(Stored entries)
[Start of section]

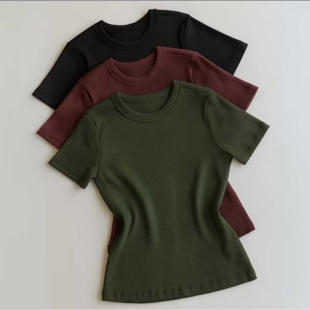 Kit 3 Blusas Feminina Plus Size Manga Curta Ribana Gola Redonda Básica Manguinha Casual e Elegante G1 ao G3 P005
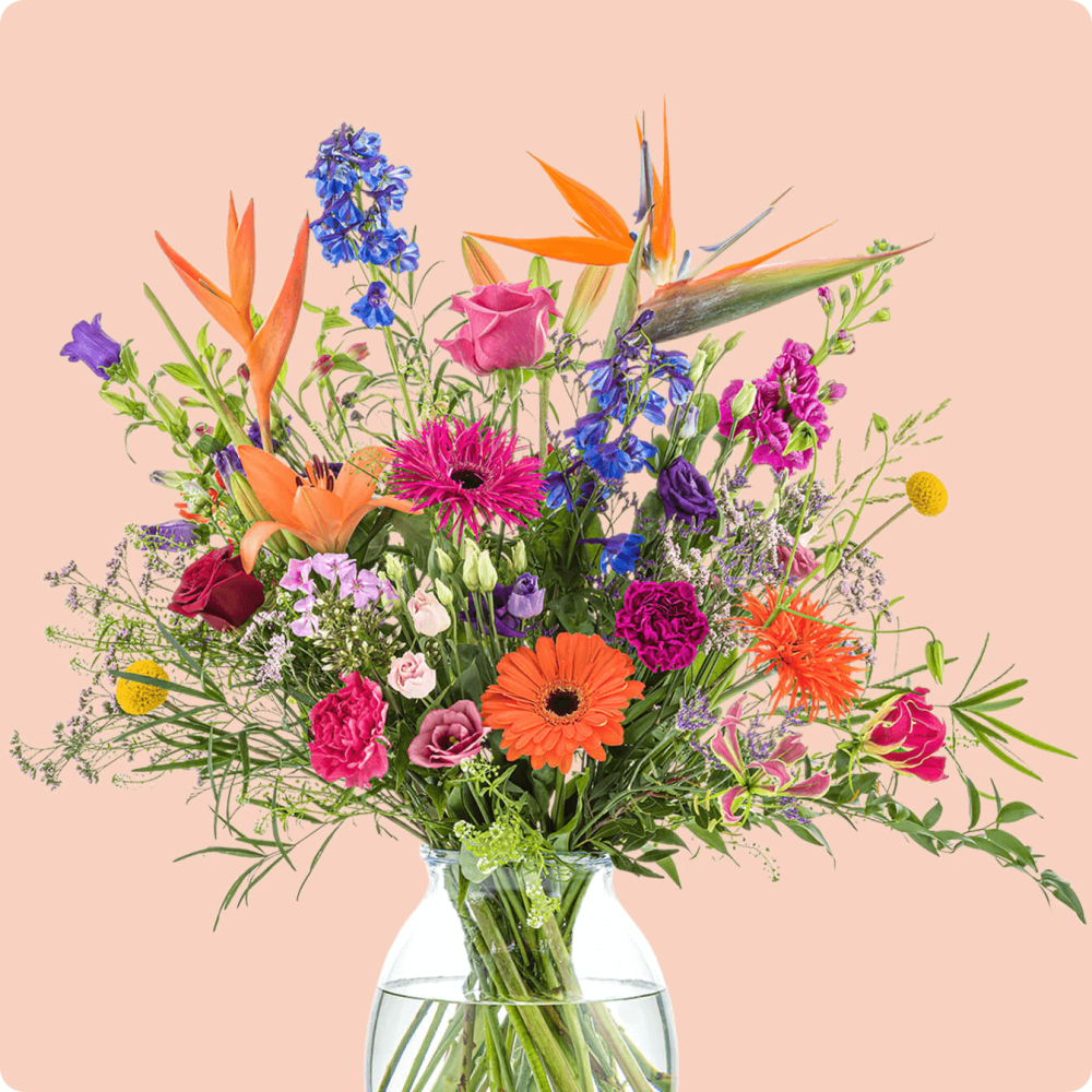 Laat weten dat je aan diegene denkt en voeg aan het boeket een liefdevolle kaart met persoonlijke boodschap toe.
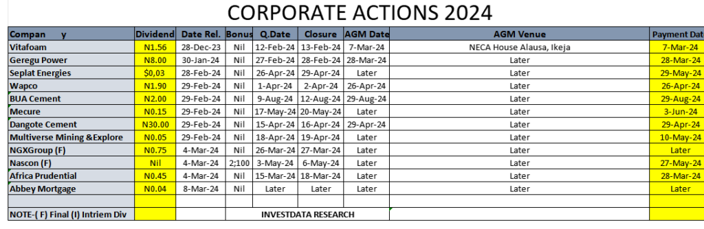 Equities Corporate Actions On NGX As Of Friday, March 15, 2024 Editor March 16, 2024 1 min read 288 Post Views: 126 Continue Reading Previous: Investdata Price, Earnings Tracking For Week Ended March 15, 2024Next: Mixed Sentiment On NGX, As Inflation Hits 28-Year High In Nigeria, Amid Higher Yields Outlook Trending Now Nigerian Bourse Ranges On Profit Taking Ahead Earnings Expectations, Sector Rotation 1 Nigerian Bourse Ranges On Profit Taking Ahead Earnings Expectations, Sector Rotation January 24, 2026 Corporate Actions On NGX As Of Friday, January 23, 2026 2 Corporate Actions On NGX As Of Friday, January 23, 2026 January 24, 2026 NGX Ends Week On Cautious Positive Note As Selective Buying Offsets Profit-Taking Pressures 3 NGX Ends Week On Cautious Positive Note As Selective Buying Offsets Profit-Taking Pressures January 24, 2026 NGX Ends Bearish On Heavyweight Selloffs Amid Cautious Sentiment 4 NGX Ends Bearish On Heavyweight Selloffs Amid Cautious Sentiment January 23, 2026 Oil Slides as Geopolitical Tensions Ease, But Supply Concerns Linger 5 Oil Slides as Geopolitical Tensions Ease, But Supply Concerns Linger January 23, 2026 BUA Cement, CBMI Seal US$240m Deal For 3mtpa Sokoto Plant Expansion In 20 Months 6 BUA Cement, CBMI Seal US$240m Deal For 3mtpa Sokoto Plant Expansion In 20 Months January 22, 2026 Related Stories Corporate Actions On NGX As Of Friday, January 23, 2026 1 min read Equities Corporate Actions On NGX As Of Friday, January 23, 2026 January 24, 2026 20 NGX Ends Week On Cautious Positive Note As Selective Buying Offsets Profit-Taking Pressures 3 min read Equities NGX Ends Week On Cautious Positive Note As Selective Buying Offsets Profit-Taking Pressures January 24, 2026 29 NGX Ends Bearish On Heavyweight Selloffs Amid Cautious Sentiment 2 min read Equities NGX Ends Bearish On Heavyweight Selloffs Amid Cautious Sentiment January 23, 2026 136 Cautious Bargain Hunting Lifts Equities Marginally Amid Mixed Sector Performance 3 min read Equities Cautious Bargain Hunting Lifts Equities Marginally Amid Mixed Sector Performance January 22, 2026 147 Nigerian Equities Post Modest Rebound As Bargain Hunting, Oil Strength Support Market 3 min read Equities Nigerian Equities Post Modest Rebound As Bargain Hunting, Oil Strength Support Market January 21, 2026 189 Nigerian Equities End Flat-To-Bearish As Profit Taking Offsets Broad Buying, Composite Index Holds Key Support 3 min read Equities Nigerian Equities End Flat-To-Bearish As Profit Taking Offsets Broad Buying, Composite Index Holds Key Support January 20, 2026 195
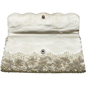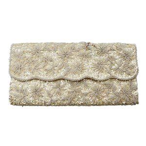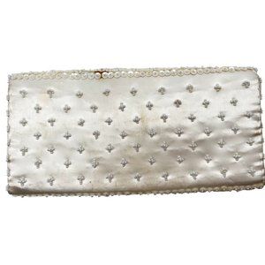 Vintage Star Brand White Beaded Sequin Clutch Evening Bag Elegant Hong Kong
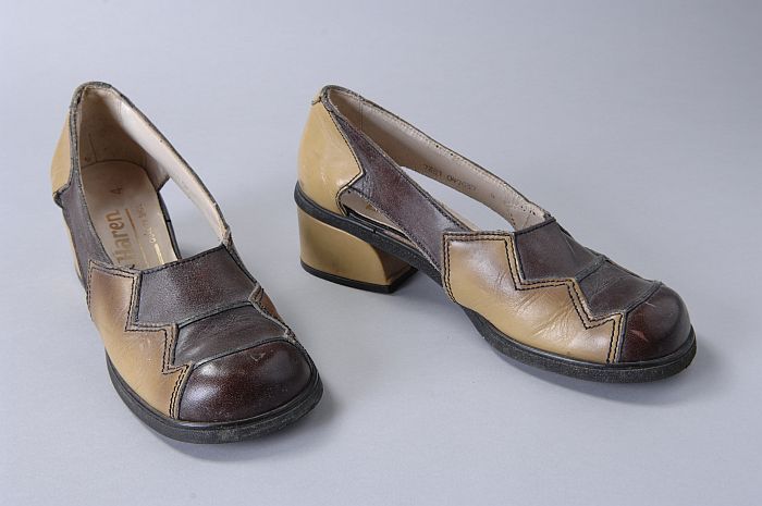 Gouden damesschoenen van goudbrokaat en goudleren T-...
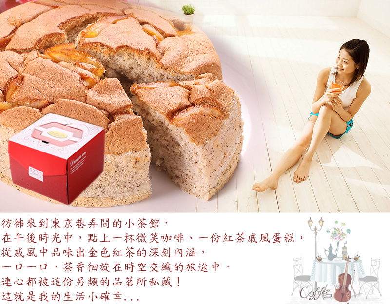 彷彿來到東京巷弄間的小茶館。在午後時光中,點上一杯微笑咖啡、一份紅茶戚風蛋糕,從戚風中品味出金色紅茶的深刻內涵。一口一口,茶香徊旋在時空交織的旅途中,連心都被這份另類的品茗所私藏!

[End of section]

Repeat only the lines between the start of the data and the line with "Laat weten dat", including those two lines, and skip the pictures.

 Kit 3 Blusas Feminina Plus Size Manga Curta Ribana Gola Redonda Básica Manguinha Casual e Elegante G1 ao G3 P005
 Laat weten dat je aan diegene denkt en voeg aan het boeket een liefdevolle kaart met persoonlijke boodschap toe.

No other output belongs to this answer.